Formed in 2008 the band from Nantes brings a feverish blend of metal, metalcore, and electro to its deathcore heart, a sound which has seen the band earned strong support and responses in their homeland. Their self-titled EP in 2009 marked the band as a promising rising force, that feeling soon supported by their performances alongside the likes of Madball, Shining, and The Arrs as well as successful festival spots at events such as Hellfest Metal Corner and Motocultor. Recording their first album with Stéphane Buriez (Loudblast) in 2011, Karma Zero is primed to explode into a much wider receptive recognition with its recent release via Ultimhate Records.
The title track sparks things off by immediately pounces on the ear with bone snapping beats and ravenous riffs completed by equally predatory vocals. It is an assault which sets you back on your heels to then draw you straight in to its grasp with a maelstrom of sonic textures and a hunger driven intensity. The brawling vocal attack which shifts from a duo to a three prong attack is outstanding but initially distracts from the musical creativity going on beneath its snarl. Into its stride though the track opens up its arms to allow every element to takes its potent place in the course of the song and enriches the senses with a wealth of aggressive variety.
As the following Next Time and No Answers state their individual declarations the album continues to offer a magnetic lure and oppressive malevolence brought through strong musicianship and invention. The two songs do not quite light up the fires within as much as the first but still easily impress even if they arguably are two tracks which bring a more expected genre stance before the ear. The album is not one to rest on its laurels though and the further into its savagery it goes the stronger its imagination and greed to explore increases with songs like Frozen Angel and the outstanding Hidden Law stretching their boundaries and ingenuity with compelling creativity. The first of the pair transfixes the ear with militant riffs but bewitches with an emotive electronic ambience that leaves thoughts drifting into their own interpretation of the narrative. Finely crafted in its moments of reflection musically and dangerously nasty with all weaponry cascading upon the senses in other times, the track is a major highlight of the release soon surpassed by its successor. Hidden Law expels its deepest guttural spite to crawl all over the fierce sonic flames and uncompromising rhythms, its rapacious malice a unique delicious poison for the ear and insidious nectar for the passions.

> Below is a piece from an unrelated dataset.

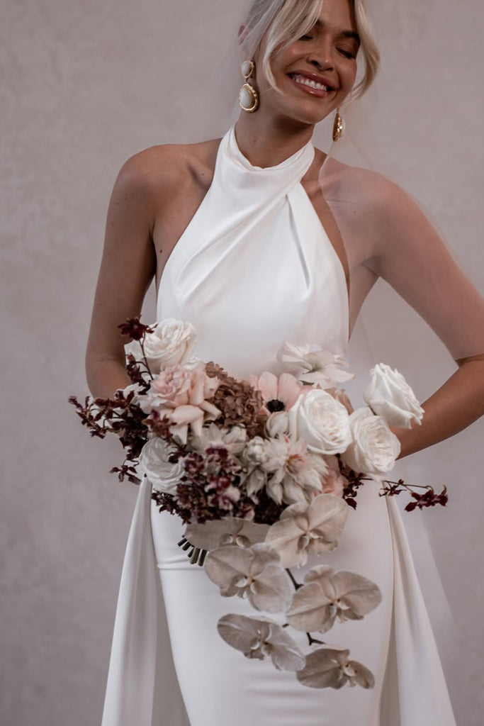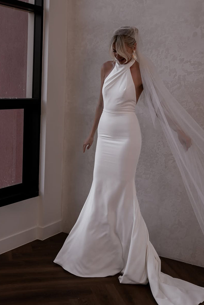 Mermaid Halter Elastic Satin Long Wedding Dresses VK25051103

Through the likes of the voracious Grown Up and the flesh scorching Ghosts the band leave further welcome scars whilst bringing one last elevated triumph with Snake, the most experimental and track on the album. As unfriendly as it is contagious, the song is a magnet for the passions with its riveting expanse of flavours, styles, and character.
Architecture Of A Lie is a decisive and inciting introduction to a band which one senses is heading towards making a strong mark for itself in European metal. Watch out Karma Zero is coming to feed upon your weaknesses.